A further potential issue with social media use is that there is not
necessarily equal utilisation of these sources throughout all nations,
particularly in those outside of Europe and North America. We have
attempted to account for unequal usage in our study by using three
different sources of social media data, but ideally more could be
implemented. Search terms should also be considered with caution. We
have included the search terms that yielded the most occurrences of JTM.
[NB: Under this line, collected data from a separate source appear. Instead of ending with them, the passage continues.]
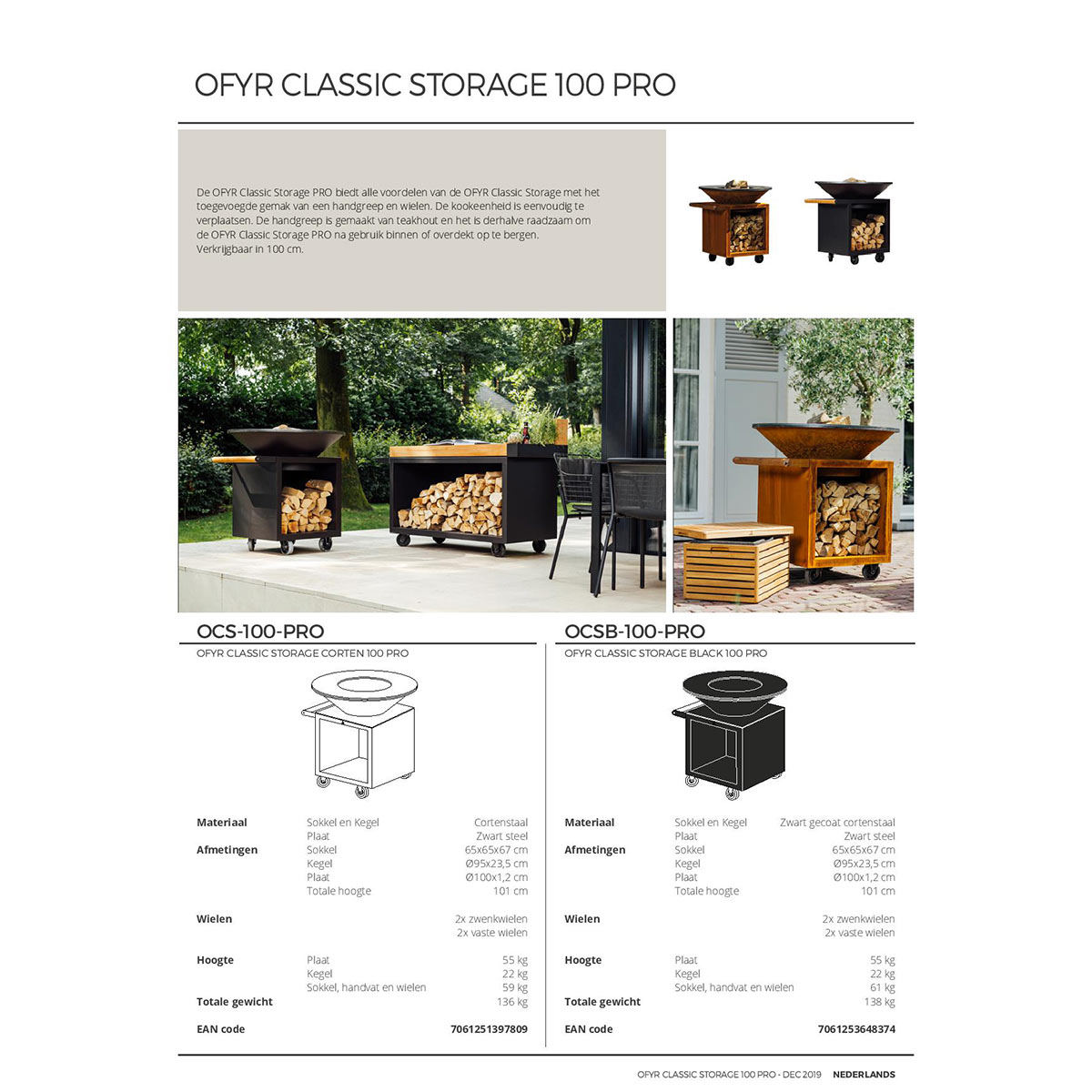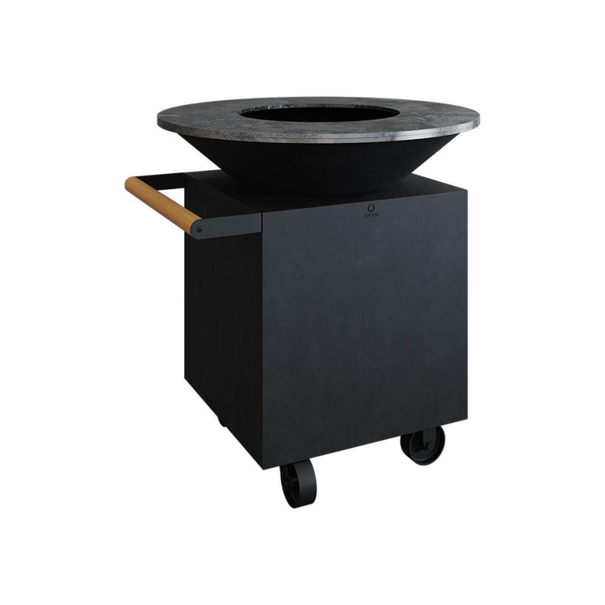 The OFYR Classic 100 PRO has all the characteristics of the OFYR Classic with the added convenience of a handle and wheels. You can easily move your cooking unit around. The handle is made from teak wood, so it is advisable to store the OFYR Classic 100 PRO inside or under a roof. It’s available in 100 cm, in Corten or black-coated steel.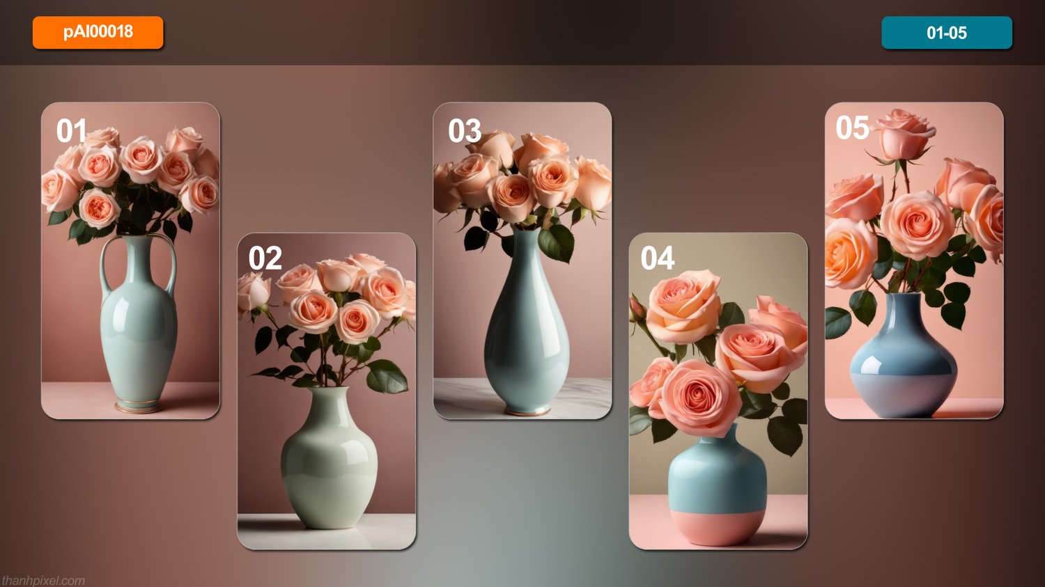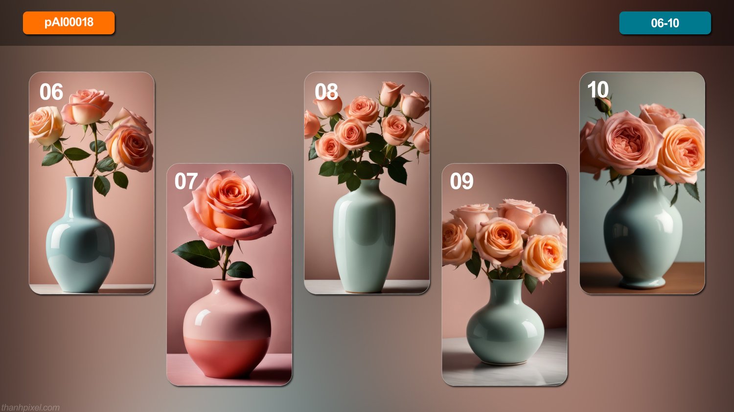 [AI] Pack of 20 rose flower tree beautiful nature beauty floral vase minimalistic retro colours photorealistic photography, vertical composition.
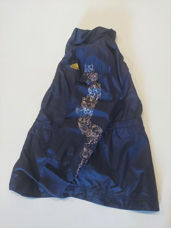 Оригинальная куртка, ветровка Adidas clima prof синего цвета. Состояние очень хорошее. Было бы идеальное если бы не нюанс, на внутренней стороне рукава ребенок сделал зацепку. На послелюднем фото указала. Других нюансов нет, все отлично. На бирке 11-12 лет, можно одевать с 10-12 лет. Произведена в Камбоджи. Замеры по запросу. Внутри подкладка сетка. Подклад в идеальном состоянии. Мандеты регулируются, подкатываются как вам нужно. На левом рукаве апликация с цветочным принтом.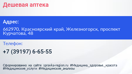 Дешевая аптека по адресу 662970, Красноярский край, Железногорск, проспект Курчатова, 48 в дальнейшем Организация, размещена в следующих категориях: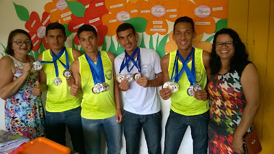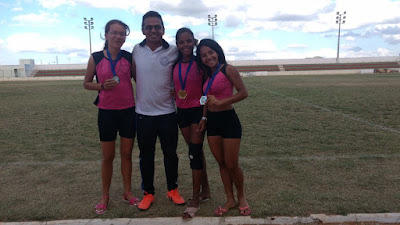 As alunas do atletismo, Joyce Eduarda, Jadnaelma Ferreira, Fernanda Roberta e Maria Daguimar e Francisco das Chagas, que representa a Escola Estudual Maria Arioene está fazendo bonito nos Jerns 2017 - Regional Sant Cruz/RN. Elas já conquistaram medalhas de ouro, prata e bronze. E de quebra garantiram vaga na fase estadual da competição do âmbito escolar do RN.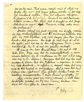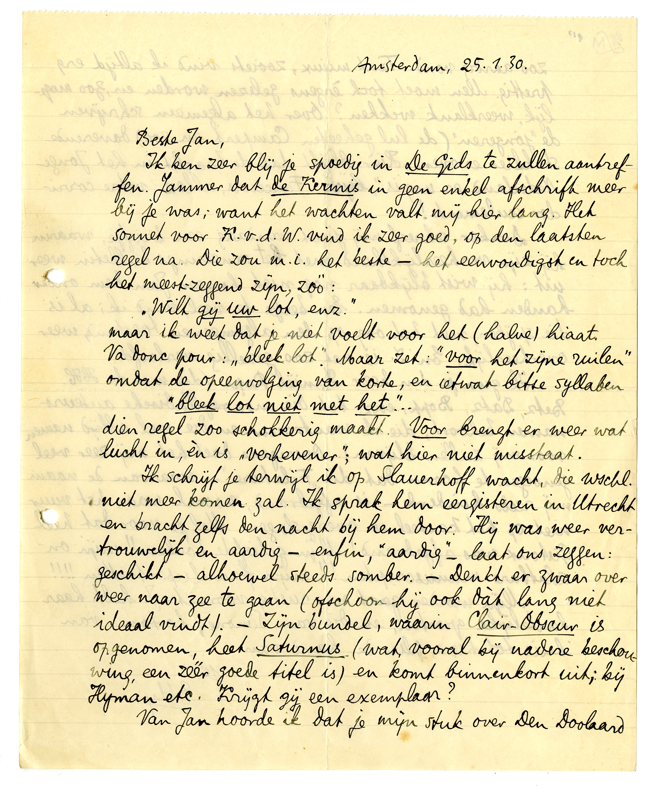 Ik schrijf je terwijl ik op Slauerhoff wacht, die wschl. niet meer komen zal. Ik sprak hem eergisteren in Utrecht en bracht zelfs den nacht bij hem door. Hij was weer vertrouwelijk en aardig - enfin, ‘aardig’ - laat ons zeggen: geschikt - alhoewel steeds somber. - Denkt er zwaar over weer naar zee te gaan (ofschoon hij ook dàt lang niet ideaal vindt). - Zijn bundel, waarin Clair-Obscur is opgenomen, heet Saturnus (wat, vooral bij nadere beschouwing, een zéér goede titel is) en komt binnenkort uit; bij Hyman etc. Krijgt gij een exemplaar?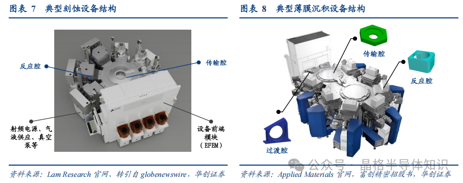 過渡腔:是設(shè)備中晶圓真空環(huán)境入口,晶圓從外部運(yùn)輸至設(shè)備入口,經(jīng)過前端模塊(EFEM)后進(jìn)入過渡腔,方從大氣環(huán)境轉(zhuǎn)換為真空環(huán)境,后續(xù)再進(jìn)入真空環(huán)境的傳輸腔、反應(yīng)腔進(jìn)行工藝反應(yīng)。過渡腔以鋁合金為主,技術(shù)相對簡單。 傳輸腔:是晶圓在過渡腔和反應(yīng)腔之間進(jìn)行轉(zhuǎn)移的中間平臺。傳輸腔材料主要是不銹鋼,腔體需要保證密封性和真空度,同時(shí)由于傳輸腔需要與不同工藝的反應(yīng)腔連接,也需要采用不同的表面處理工藝來保證潔凈度和耐腐蝕性。傳輸腔主要由腔體、中央的真空機(jī)械手、傳輸腔與反應(yīng)腔連接處的門閥,以及各種真空密封件組成。 反應(yīng)腔:是晶圓加工和生產(chǎn)的工作空間,由于多種工藝氣體會流入反應(yīng)腔內(nèi)發(fā)生化學(xué)反應(yīng),其對潔凈度和耐腐蝕性要求較高,尤其是先進(jìn)制程對于潔凈度要求更高。反應(yīng)腔中包括內(nèi)襯、勻氣盤等核心零部件,對性能要求更為嚴(yán)苛。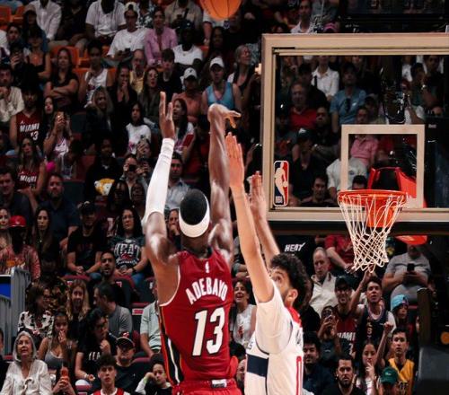 體育播報3月11日宣 NBA常規賽,熱火150-129拿下奇才。全場比賽,阿德巴約出戰42分鐘,投籃43中20,三分22中7,罰球43...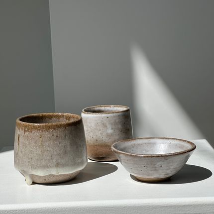 Réunion de trois pièces en céramique : tasse glacée, petite coupelle et petite tasse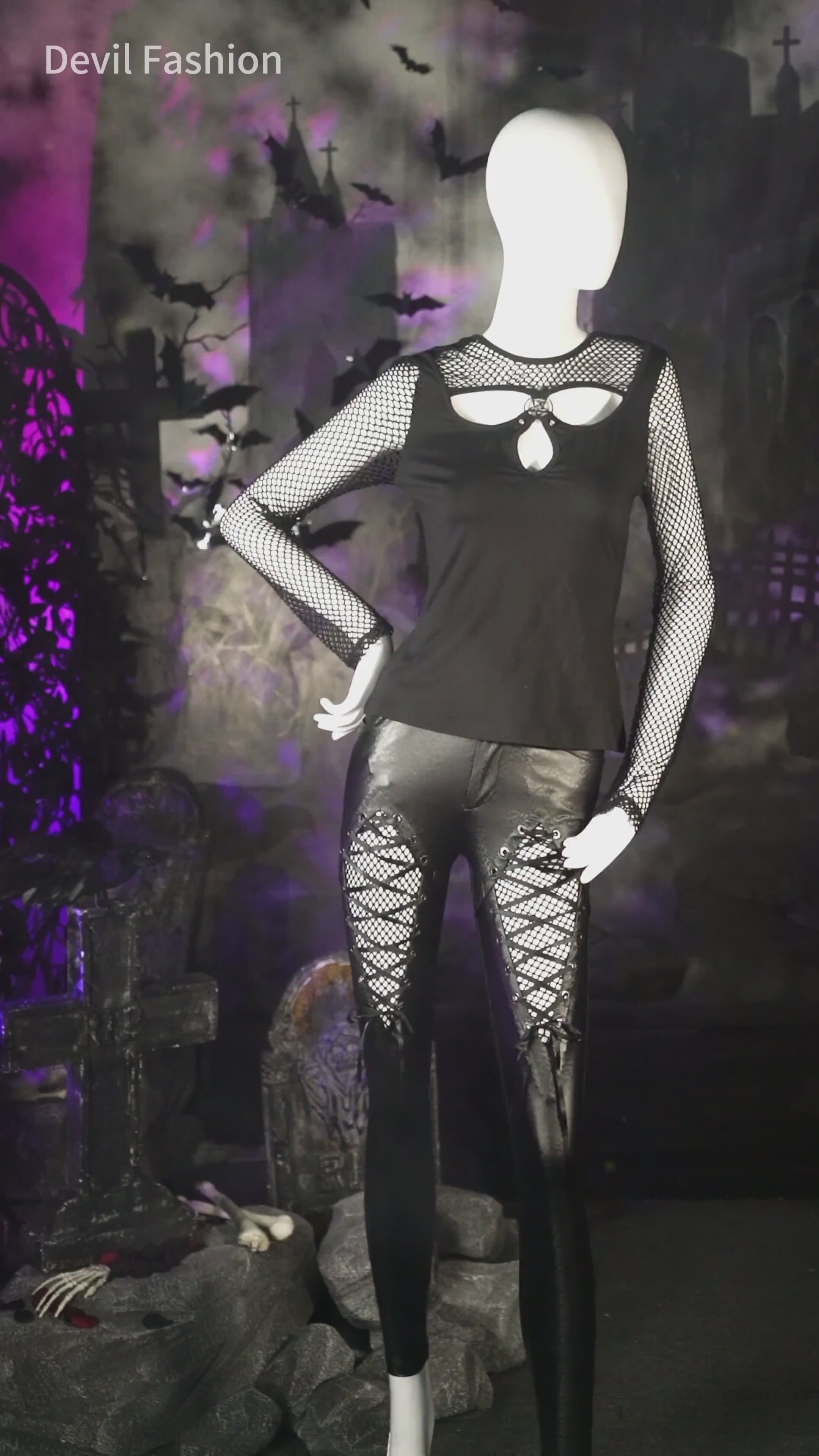 Jetez un œil à notre nouveau modèle de pantalons pour femmes au style gothique. Ce pantalon est fabriqué en cuir PU, ce qui vous satisfera certainement par sa qualité. Ils disposent également d'empiècements en mesh et d'un laçage sur le devant qui attireront votre attention. Avec ce pantalon, vous pourrez créer de nombreuses tenues gothiques.

However, there may be an English bias here, since social media users
from non-English speaking individuals will likely submit potential
occurrences using English and colloquial terminology. Although various
common names are not always simple to incorporate (as was the case here,
with German names such as “Spanish flag” and “Russian bear”, which
yielded countless non-moth results when searched), this is certainly
worthy of consideration. Social media data sources are also driven by
trends, which may contribute to varying usefulness of different sources
over time as the popularity and novelty of range shifting species wax
and wane. Such an effect seemed to be apparent with JTM, where the
inclusion of the moth on postage stamps in the Channel Islands was
associated with an increase in GBIF and iNaturalist occurrences in 2012
and 2013 (which also illustrates that even GBIF is not resistant to
trends). Nonetheless, such trends could also be a potential advantage to
social media data sources. In theory, governments and scientists could
highlight species of interest to the public, thus generating a trend
around focal organisms that could be used to generate social media
occurrence records. Such strategies could increase the use of social
media to record biological phenomena, potentially producing large
quantities of community science data.
The results presented here support the idea that the combined use of
traditional (GBIF) and social media (particularly Instagram and
iNaturalist) data sources to generate a more complete understanding of
the habitat-use of range shifting species. Our study suggests that
traditional and social media biodiversity data can contain different,
but complementary, information regarding habitat usage of a range
shifting species. While GBIF captures the rural range of JTM across the
study region, Instagram demonstrated that JTM also occupies highly
urbanised environments. Social media data may be particularly prone to
variation in recorder effort, and we propose a method that can account
for this. We suggest that data from social media should be added to
occurrence datasets when tracking range shifting species. Implementation
of occurrence records from social media could be particularly important
given the human-associated nature of some range shifters, which often
occupy parks and gardens in urban zones as well as rural spaces.